Monday, 5 October 2015

Changed policies, changed system, same power centre

A year ago today – though I forgot – I read an article from the West Australian dating back to 1980, the year of the appalling Lonie Report whose effects will be seen this week in record hot October temperatures.

In my early 2000s university classes, it was taught that Australia only became a dreadful laggard on environmental issues with the demise of the Hawke Government following swings against Labor in Victoria with the 1990 Federal election. This has been outlined much more recently by the magazine Chain Reaction in Maria Taylor’s Global warming and climate change: What Australians knew and buried ... then framed a new reality for the public (available for free download here).

It is certainly possible to argue that Australia’s environmental policies during the 1980s did not stand out as bad so much as they did in the 1990s and beyond – for instance we had much tougher pollution legislations than the UK and New Zealand.

This is especially so since the unique ecological characteristics that for genuine justice would require Australia be the absolute world leader in environmental protection were less well-documented. None of The Future Eaters, Tom McMahon’s studies of global runoff (Global Runoff: Continental Comparisons of Annual Flows and Peak Discharges) plus Barry Lovegrove’s study ‘The Zoogeography of Mammalian Basal Metabolic Rate’, which reveals the exceptionally slow metabolism of Australia’s largest native mammals compared to large mammals elsewhere (though a search failed to find the supplementary material I was looking for), had been published before 1990.

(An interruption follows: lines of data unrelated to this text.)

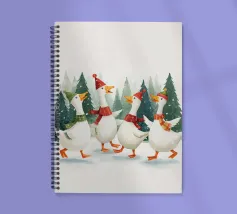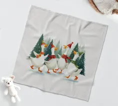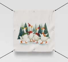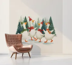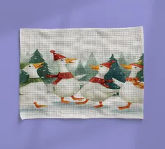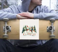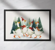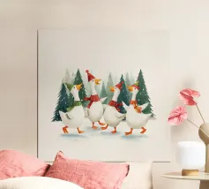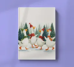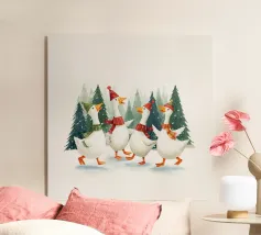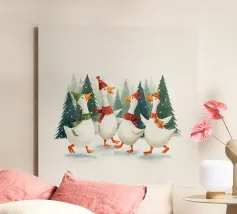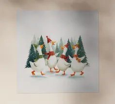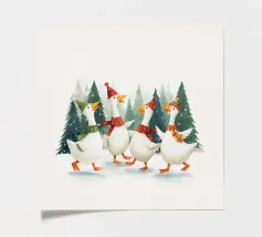 Questa festosa opera d'arte natalizia raffigura quattro giocose oche che indossano cappelli e sciarpe a maglia colorate e che danzano gioiosamente insieme in una foresta innevata di pini. Dipinto a mano in morbido acquerello, cattura lo spirito allegro degli animali del bosco in inverno. Perfetto per tessuti, carte da parati e accoglienti progetti stagionali, questo affascinante disegno aggiunge calore vintage e stravaganza alle tradizioni natalizie. Create da Uta Naumann, le oche portano la magia e l'allegria nostalgica delle feste, rendendole una scelta deliziosa per le celebrazioni festive, l'artigianato invernale e le decorazioni ispirate al bosco.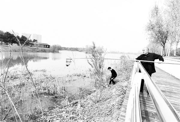 4月16日,周口植物园工作人员及保洁人员打捞漂浮在湖水中的垃圾及枯草。据悉,为给市民提供一个干净、优美的人居环境,植物园工作人员每天都会清理湖面垃圾。他们希望广大市民游玩锻炼的时候,珍惜保洁人员的劳动成果,不要随手把饮料瓶、塑料袋等垃圾扔进湖里。记者 孙安平 摄
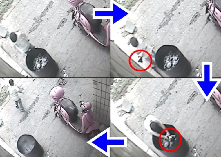 “然后我們以為那個小狗,那個桶那么高,它怎么能跳進去。然后我們就調(diào)監(jiān)控,發(fā)現(xiàn)是鄰居家小孩做的?!眻D為男童抓起小狗將其扔進火盆。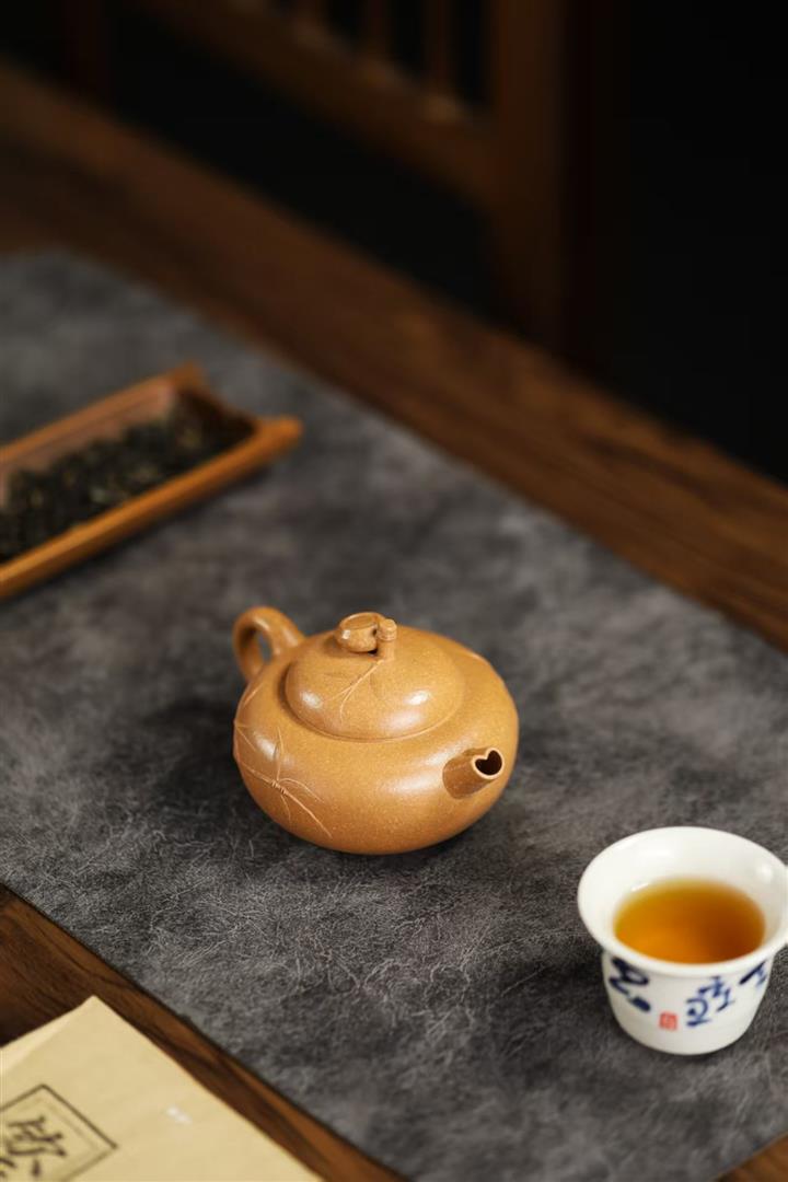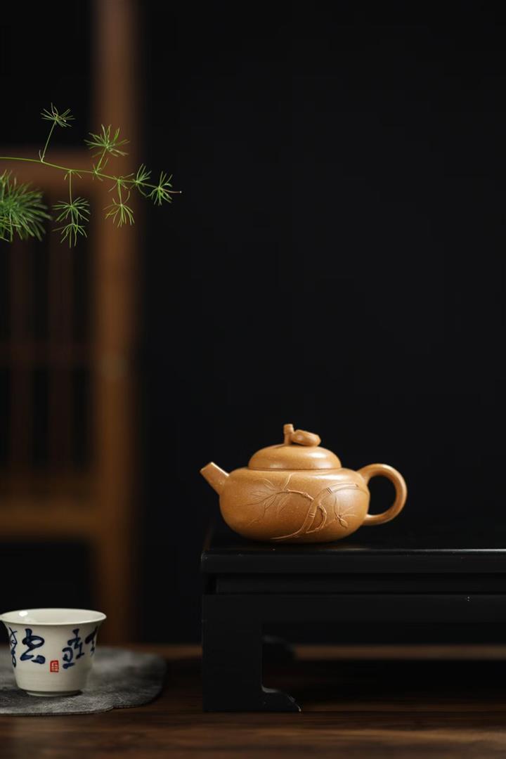 140cc原礦黃金段泥扁竹茶壺POT9766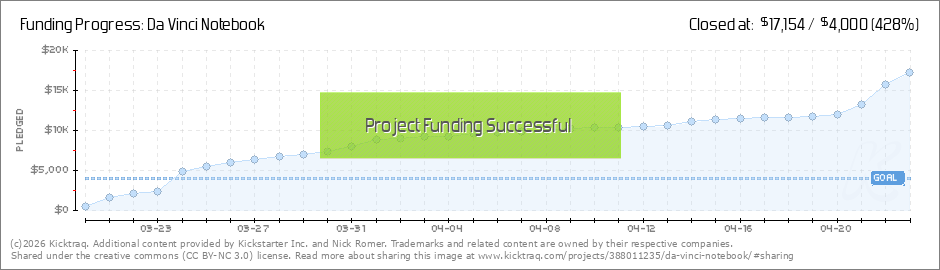 Stretch Goal is in Reach!This is so exciting….with just a little over 24 hours to go we still have a chance to reach our stretch goal. We're so close - only $1700 to go. If we can reach it, it means a pocket size Da Vinci Notebook will also be made... (Read More)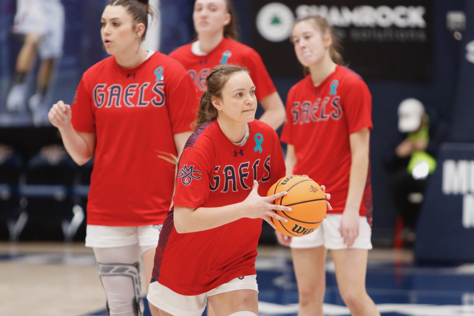 Saint Mary’s men’s basketball players wore pins on their warm-up shirts as well, and the swath of teal that occupied a student section usually dominated by red, white, and blue stood out as the Gaels rolled to a win over the Pilots.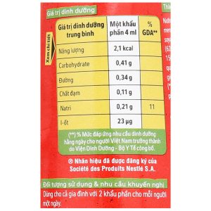 Với hương vị thanh ngon đặc trưng trong từng giọt nước tương sánh đậm, để lại dư vị tinh tế cho từng món ăn. Nước tương Maggi đậm đặc chai 300ml với tinh chất đậu nành đậm đặc, sử dụng công nghệ lên men tự nhiên 100% giúp giữ lại vị ngon tinh túy đến từ thương hiệu nước tương Maggi.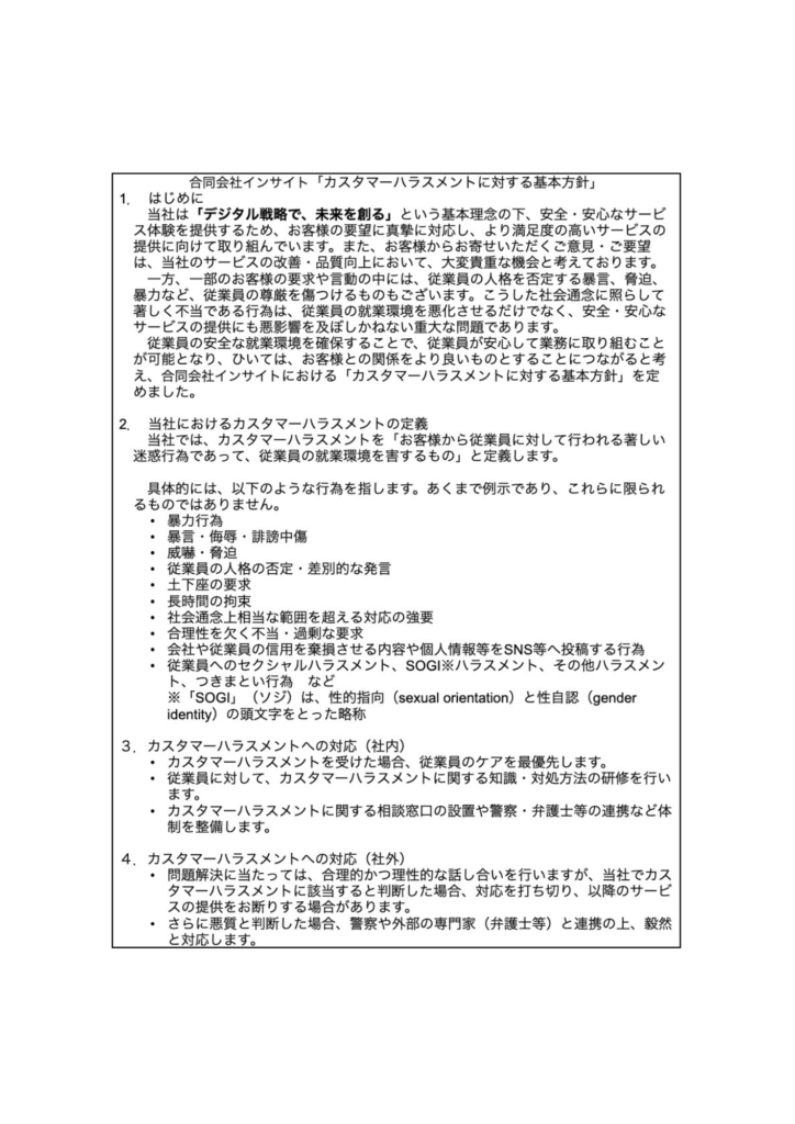 合同会社インサイトでは「カスタマーハラスメントに対する基本方針」に基づき、従業員の安全と安心を守り、すべてのお客様により良いサービスをご提供できるよう努めております。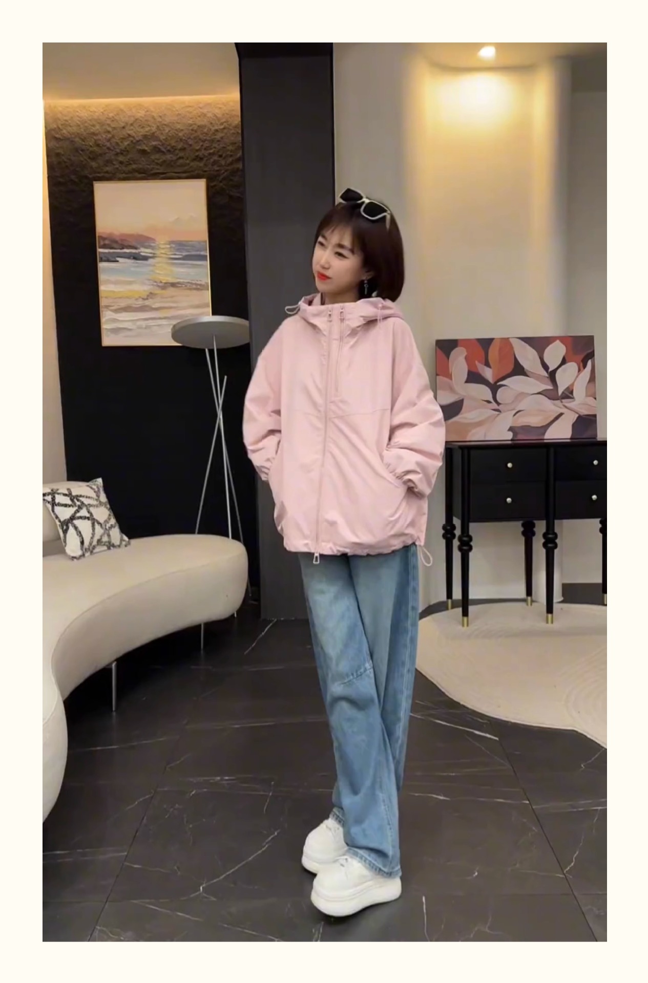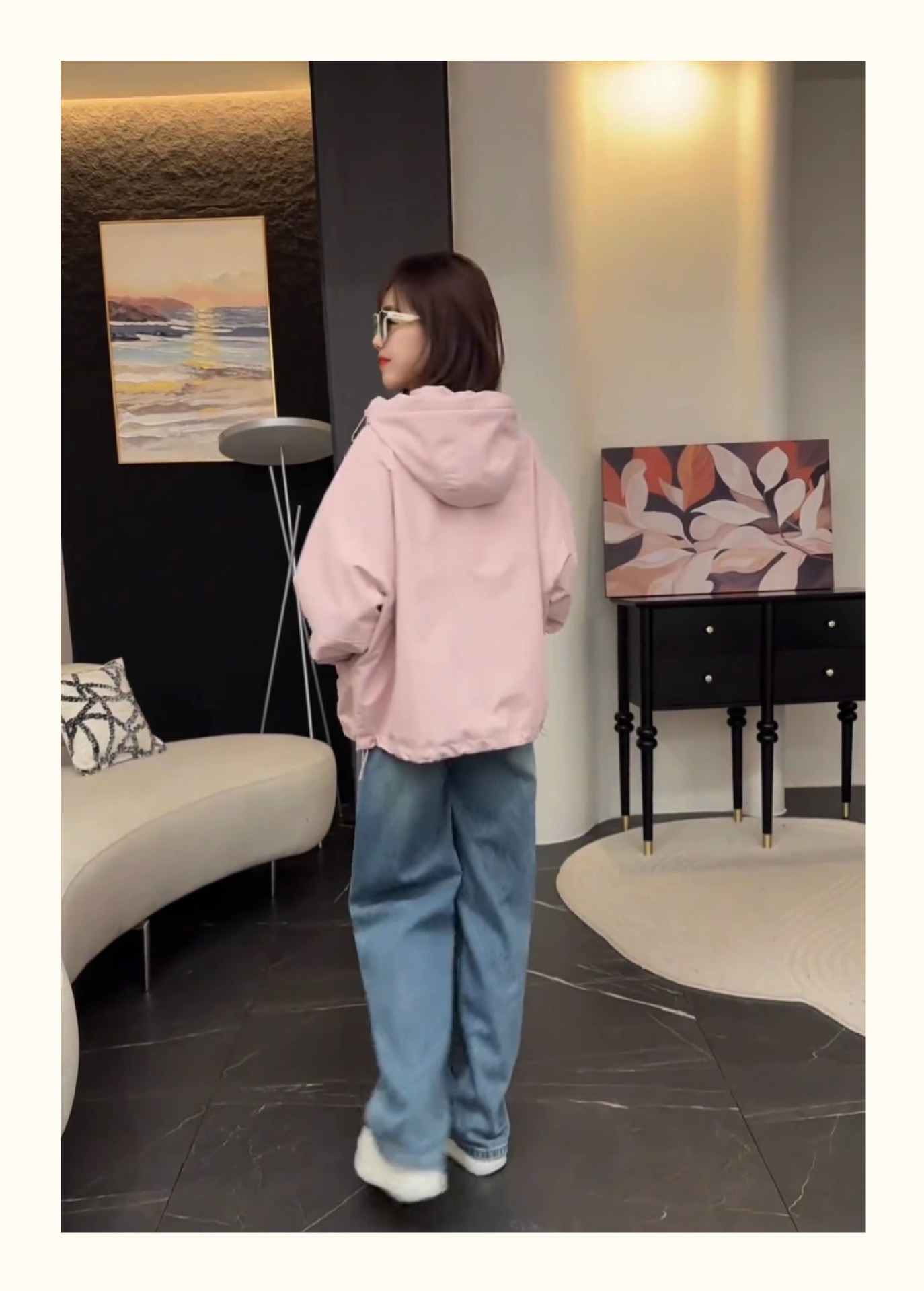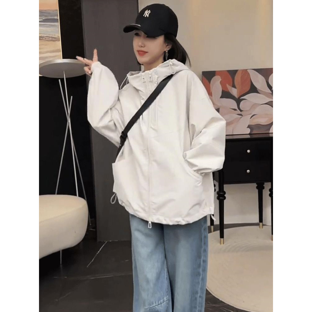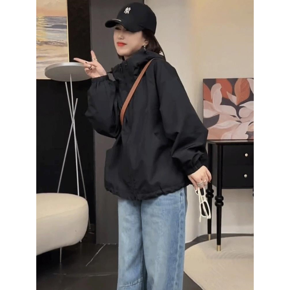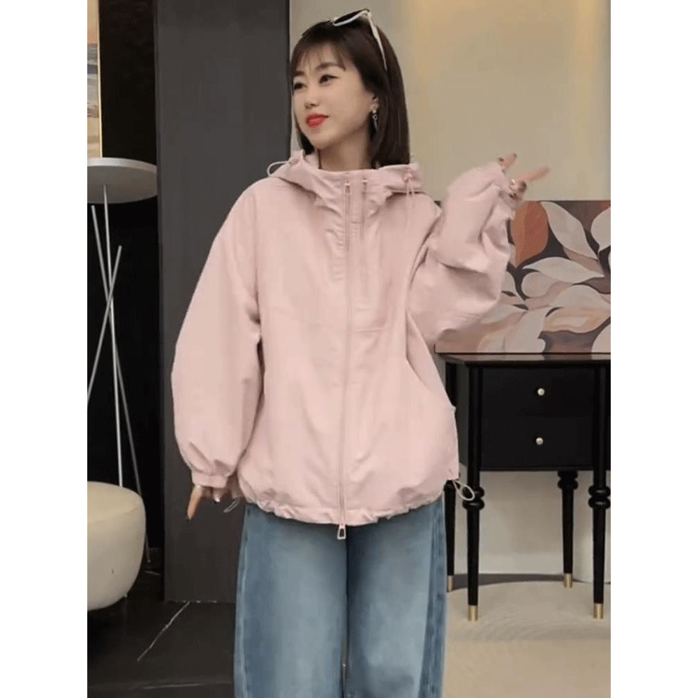 더블 지퍼 후드 쇼트 코트 여자 봄 새로운 도착 작은 루즈 올 매치 슬림 룩 재킷 트렌디 재킷스토어 가기

However, this article, titled ‘Japan Cleans Air, Cleans Up Myths’ by later Age journalist Tim Colebatch suggests – as the incidence of totally wasteful road projects even before the Lonie Report made me suspect – that there was an extremely powerful lobby limiting or eliminating the ability of Australia to be anything other than a laggard in environmental policy. Colebatch shows that in 1980 Australia’s car industry was rigidly opposed to legislation to move Australia’s pollution standards closer to the strictest standards of Japan and California, despite the fact that motor cars were clearly the cause not only of a significant proportion of greenhouse gas emissions but also of toxic pollutants like nitric oxide and nitrogen dioxide. Given that Australian native environments likely have smaller tolerance for these toxic pollutants (Australia is much lower in volatile elements than the Enriched World) it would, even beyond these more modern ecological findings, be logical that Australian environments required much cleaner air than those of Europe or Japan.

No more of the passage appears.